[Records from a data collection]
^^^^^^^^^^^^^^^^

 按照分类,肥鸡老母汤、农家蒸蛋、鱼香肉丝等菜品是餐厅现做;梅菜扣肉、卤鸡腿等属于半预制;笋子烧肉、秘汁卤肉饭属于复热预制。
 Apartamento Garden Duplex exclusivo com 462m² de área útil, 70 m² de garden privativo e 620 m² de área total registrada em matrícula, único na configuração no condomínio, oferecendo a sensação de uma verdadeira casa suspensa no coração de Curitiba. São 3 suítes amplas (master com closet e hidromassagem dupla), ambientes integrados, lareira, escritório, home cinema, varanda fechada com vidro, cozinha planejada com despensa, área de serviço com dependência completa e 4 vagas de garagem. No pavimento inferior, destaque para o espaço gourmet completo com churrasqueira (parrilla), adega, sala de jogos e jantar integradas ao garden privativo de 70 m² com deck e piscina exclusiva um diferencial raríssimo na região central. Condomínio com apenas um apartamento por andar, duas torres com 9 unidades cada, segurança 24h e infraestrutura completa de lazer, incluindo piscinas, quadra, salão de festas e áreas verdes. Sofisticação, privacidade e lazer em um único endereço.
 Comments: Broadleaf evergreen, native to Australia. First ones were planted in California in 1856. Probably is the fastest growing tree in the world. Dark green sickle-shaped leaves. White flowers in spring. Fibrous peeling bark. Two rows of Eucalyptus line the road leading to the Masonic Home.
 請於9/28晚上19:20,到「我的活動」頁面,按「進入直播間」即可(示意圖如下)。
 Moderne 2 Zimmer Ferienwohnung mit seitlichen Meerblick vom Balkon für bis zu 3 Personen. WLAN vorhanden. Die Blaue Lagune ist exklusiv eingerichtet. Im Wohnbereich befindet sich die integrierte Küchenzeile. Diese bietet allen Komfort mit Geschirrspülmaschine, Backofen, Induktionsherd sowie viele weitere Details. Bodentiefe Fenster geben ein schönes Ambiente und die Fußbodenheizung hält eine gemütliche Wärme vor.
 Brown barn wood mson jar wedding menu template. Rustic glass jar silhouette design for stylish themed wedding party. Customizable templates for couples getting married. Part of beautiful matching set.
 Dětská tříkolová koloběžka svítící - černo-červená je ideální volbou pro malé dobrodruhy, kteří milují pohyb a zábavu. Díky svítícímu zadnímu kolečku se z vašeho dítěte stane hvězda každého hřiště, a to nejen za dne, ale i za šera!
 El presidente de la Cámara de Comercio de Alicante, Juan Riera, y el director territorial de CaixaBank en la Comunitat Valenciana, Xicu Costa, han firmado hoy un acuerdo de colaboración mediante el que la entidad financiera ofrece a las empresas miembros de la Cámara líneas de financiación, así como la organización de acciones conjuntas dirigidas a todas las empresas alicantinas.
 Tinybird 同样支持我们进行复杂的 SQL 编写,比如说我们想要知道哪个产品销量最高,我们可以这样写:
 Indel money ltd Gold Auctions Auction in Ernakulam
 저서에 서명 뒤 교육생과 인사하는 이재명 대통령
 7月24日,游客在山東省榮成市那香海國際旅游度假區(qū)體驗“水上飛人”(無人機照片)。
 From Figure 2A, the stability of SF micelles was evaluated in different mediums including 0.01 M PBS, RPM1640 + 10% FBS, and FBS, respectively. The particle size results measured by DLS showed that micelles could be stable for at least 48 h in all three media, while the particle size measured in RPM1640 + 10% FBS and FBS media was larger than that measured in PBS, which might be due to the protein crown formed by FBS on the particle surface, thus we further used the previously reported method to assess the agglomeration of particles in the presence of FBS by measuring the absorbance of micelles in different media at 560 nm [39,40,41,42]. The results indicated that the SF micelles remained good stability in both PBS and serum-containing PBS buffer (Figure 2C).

^^^^^^^^^^^^^^^^

Starting from the line with "Dětská tříkolová koloběžka", write out every remaining line of the data above exactly, the final line included, and nothing before it.

 Dětská tříkolová koloběžka svítící - černo-červená je ideální volbou pro malé dobrodruhy, kteří milují pohyb a zábavu. Díky svítícímu zadnímu kolečku se z vašeho dítěte stane hvězda každého hřiště, a to nejen za dne, ale i za šera!
 El presidente de la Cámara de Comercio de Alicante, Juan Riera, y el director territorial de CaixaBank en la Comunitat Valenciana, Xicu Costa, han firmado hoy un acuerdo de colaboración mediante el que la entidad financiera ofrece a las empresas miembros de la Cámara líneas de financiación, así como la organización de acciones conjuntas dirigidas a todas las empresas alicantinas.
 Tinybird 同样支持我们进行复杂的 SQL 编写,比如说我们想要知道哪个产品销量最高,我们可以这样写:
 Indel money ltd Gold Auctions Auction in Ernakulam
 저서에 서명 뒤 교육생과 인사하는 이재명 대통령
 7月24日,游客在山東省榮成市那香海國際旅游度假區(qū)體驗“水上飛人”(無人機照片)。
 From Figure 2A, the stability of SF micelles was evaluated in different mediums including 0.01 M PBS, RPM1640 + 10% FBS, and FBS, respectively. The particle size results measured by DLS showed that micelles could be stable for at least 48 h in all three media, while the particle size measured in RPM1640 + 10% FBS and FBS media was larger than that measured in PBS, which might be due to the protein crown formed by FBS on the particle surface, thus we further used the previously reported method to assess the agglomeration of particles in the presence of FBS by measuring the absorbance of micelles in different media at 560 nm [39,40,41,42]. The results indicated that the SF micelles remained good stability in both PBS and serum-containing PBS buffer (Figure 2C).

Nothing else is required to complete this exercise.